To find an optimal ANN architecture, we followed the common principle of generality of ANN prediction [49] i.e., seek the lowest possible number of neurons for the smallest structure. Several ANN models with different architectures were built for each logIC50 related to the different training sets for the NMDA, TrkA, and LRRK2 proteins. In addition, we monitored the RMS (or Pearson’s correlation coefficient R, or R2) for each architecture (regarding the hidden units in the hidden layer). This procedure was done in order to select the topology with the lowest RMS (highest R). The number of layers was chosen to be three- to fourfold based on common practice (usually not more than 2 hidden layers) for the QSAR ANN modeling and by taking into account the number of data points to reduce the chance of overfitting during the training stage. The whole ANN training procedure was performed by the ANN module in FQSARModel.
Validation of the ANN models was carried out by using training and validation (selection) sets. These subsets were constructed to reflect the distribution of the experimental property values of the whole dataset. The chosen validation sets included each third or fifth data point of the total data in a set (see Section 3.1, Supplementary S1). In this way, the validation set was used to train the network to avoid overfitting by stopping the training procedure prematurely when the RMSval started to increase.

3.3.2. MLR Modeling

The best multilinear regression (BMLR) method [50] was used to find the best correlation models from selected non-collinear descriptors. This approach gradually builds multiple regression equations by searching the first few descriptors among a large descriptor space, such as that obtained in Section 3.2. Thus, BMLR selects the best 2-parameter regression equations, the best 3-parameter regression equations, etc., based on the highest R2 and F values in a stepwise regression procedure. The result obtained by BMLR is the “best” linear representation of the activity (logIC50) in a given descriptor pool.
An ABC validation test [51] was applied to estimate the predictivity of the MLR equations developed, taking into account the property data distribution. The ABC method consists of sorting the data in ascending order according to the observed (experimental) values and forming 3 subsets (A, B, C): the first, fourth, seventh, etc., data points comprised the first subset, A; the second, fifth, eighth, etc., comprised the second subset, B; and the third, sixth, ninth, etc., comprised the third subset, C. Then the three training sets were prepared as combinations of any two subsets. Subsequently, the tested MLR model was rebuilt for each of the training sets (AB, AC, and BC), with the same descriptors but with other optimized regression coefficients. Further, these three models, AB, AC, and BC, were used to predict the property values for the C, B, and A subsets, respectively.
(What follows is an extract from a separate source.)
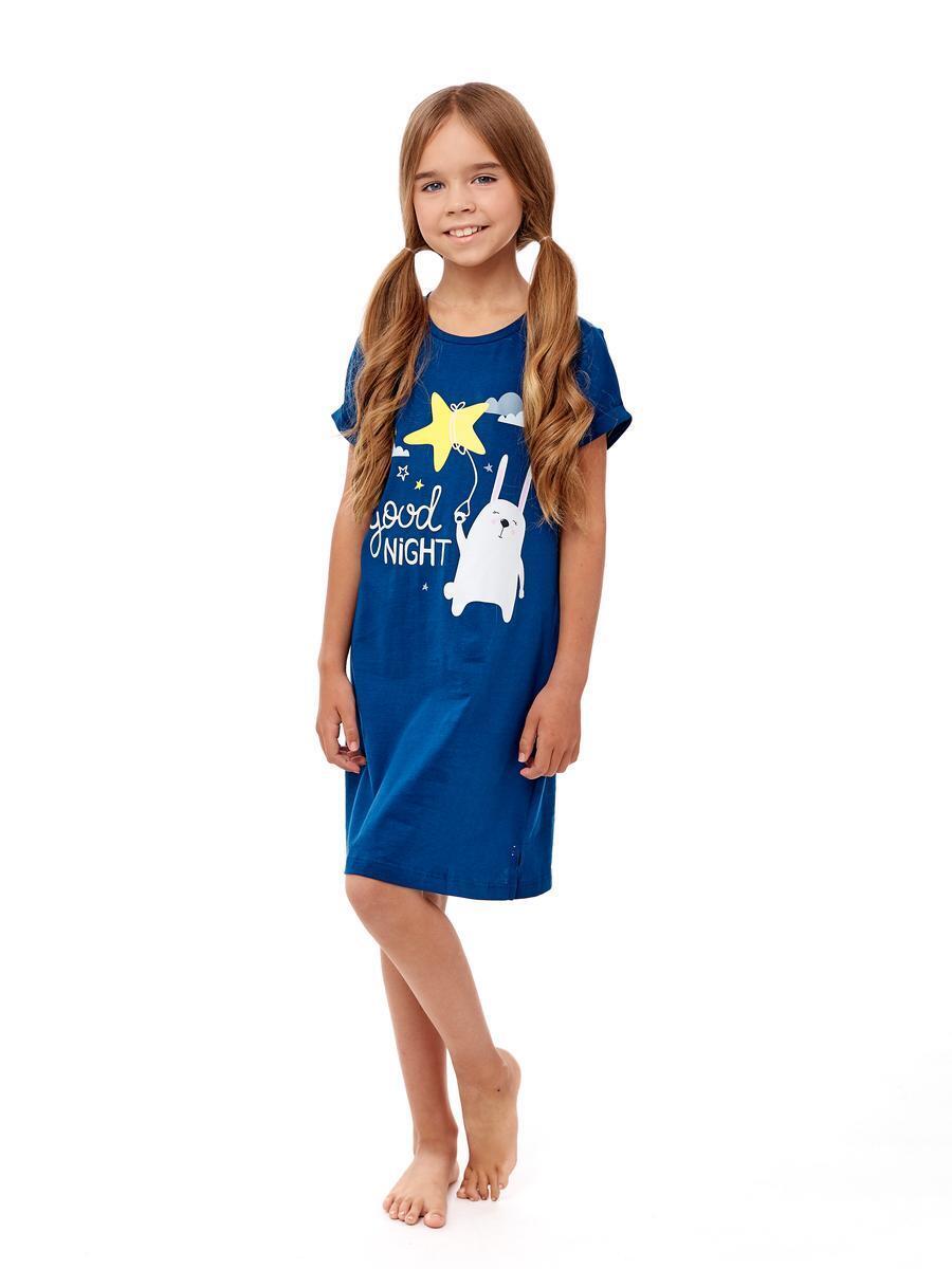Детская ночная сорочка Umka, синяя, с принтом "Good Night", размер 98/104, хлопок

The prediction was assessed based on the coefficient of determination of R2 between the predicted and observed property values. The final result was estimated by the average square correlation coefficient by the three “external” sets C, B, and A, R2pred. If the average R2pred is close to the R2 of the model, it indicates satisfactory prediction of that model. In addition to the ABC validation, the standard leave-one-out cross-validation (R2cv) for the MLR model was also used.

3.4. Molecular Modeling

3.4.1. Targets

In our study we used the LRRK2 homology model MST3 crystal structure, which was obtained from the Protein Data Bank (PDB) (ID: 4U8Z) [52]. The structural model was measured by X-ray diffraction with resolution 1.63 Å. The structure of the human GluN1/GluN2A ligand-binding domain (LBD) was obtained from the Protein Data Bank (ID: 5TP9). The crystal structure of LBD of NMDA was measured by X-ray diffraction with resolution 2.4 Å [53]. The crystal structure of TrkA was obtained from the Protein Data Bank (ID: 4AOJ), with resolution 2.75 Å measured by X-ray diffraction. This structure is actually a trimer of TrkA, with individual protein molecules denoted as chain A, chain B, and chain C. For modeling purposes, only a single TrkA molecule is needed, thus just chain A was used [54]. Raw crystal structures were corrected and hydrogen atoms were automatically added to the protein using Schrödinger’s Protein Preparation Wizard of Maestro 10.7 [55,56,57]. Water molecules were removed from the crystal structure.
Small molecule structures. The two-dimensional chemical structures of ligands were downloaded using the ZINC [38] tool and the database. For ligand structure preparation we used Ligprep from the Schrödinger suite [58]. Ligprep used the OPLS2005 force field in all ligand preparation steps. Generation of all possible states and ionization states was enumerated for each ligand using Epik at a pH of 7.0 ± 2. Stereoisomers were determined from 3D structure. PDB files for the molecular docking procedure were created from lowest energy conformers for each ligand.

3.4.2. Molecular Docking

AutoDock Vina 1.1.2 [59] was used for the docking studies to determine binding modes and binding energies of ligands to the receptor. Schrödinger’s Glide Grid Generation was used to identify the binding interface between the co-crystallized ligand and receptor for each structure [60]. The active site was surrounded by a grid box with a size of 20 × 20 × 20 points and spacing of 1.000 Å. The settings used for the iterated local search global optimizer, based on mutation and local optimization steps accepted or rejected with a Metropolis criterion in Vina, were 9 modes, 1 central processing unit, and energy range of 1 kcal/mol. Other settings were used as default.

3.4.3. Molecular Dynamics

The molecular dynamic simulations were carried out using the Desmond simulation package of Schrödinger [61]. In all runs, the NPT (isothermal–isobaric) ensemble was applied with a temperature of 300 K and pressure of 1 bar. The simulation length was 50 ns, with relaxation time 1 ps. The force field parameters for each simulation were according to OPLS_2005 [62]. The long-range electrostatic interactions were calculated using the particle mesh Ewald (PME) method [63]. The cutoff radius in Coloumb interactions was 9.0 Å. The water molecules were described using a simple point charge model (SPC) [64]. The Martyna–Tuckerman–Klein chain coupling scheme [65] with a coupling constant of 2.0 ps was used for pressure control and the Nosé–Hoover chain coupling scheme for temperature control. Nonbonded forces were calculated using an r-RESPA integrator, where the short-range forces were updated every step and the long-range forces were updated every 3 steps. The trajectories were saved at 4.8 ps intervals for analysis. To analyze the behavior and interactions between the ligands and protein, we used the Simulation Interactions Diagram tool implemented in the Desmond molecular dynamics package.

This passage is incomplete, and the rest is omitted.